:: WHAT YOU SHOULD DO ::
Please transcribe every record below exactly, leaving out the pictures.

──────────

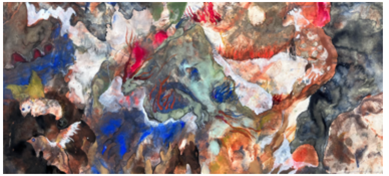
Green Dragon (#5 of 19), 2023 natural pigment, charcoal, graphite, and pastel on paper 10 ½ x 22 inches / 15 x 27 inches (framed) $1800
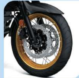
Wire spoke wheels with tubeless tire
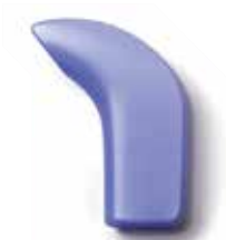
Lavender, Pcs. 2
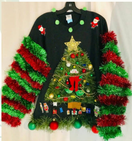
National Ugly Christmas Sweater Day, December 20

Your November and December Daily Logs are due by January 3rd. Please submit these to Diane Miles.
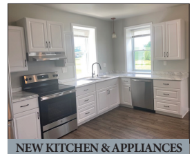
NEW KITCHEN & APPLIANCES

For photos & complete listing visit www.martinandrutt.com
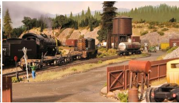
Bear Creek & South Jackson (HO)

──────────

:: OUTPUT FOR THIS TASK ::
Green Dragon (#5 of 19), 2023 natural pigment, charcoal, graphite, and pastel on paper 10 ½ x 22 inches / 15 x 27 inches (framed) $1800
Wire spoke wheels with tubeless tire
Lavender, Pcs. 2
National Ugly Christmas Sweater Day, December 20

Your November and December Daily Logs are due by January 3rd. Please submit these to Diane Miles.
NEW KITCHEN & APPLIANCES

For photos & complete listing visit www.martinandrutt.com
Bear Creek & South Jackson (HO)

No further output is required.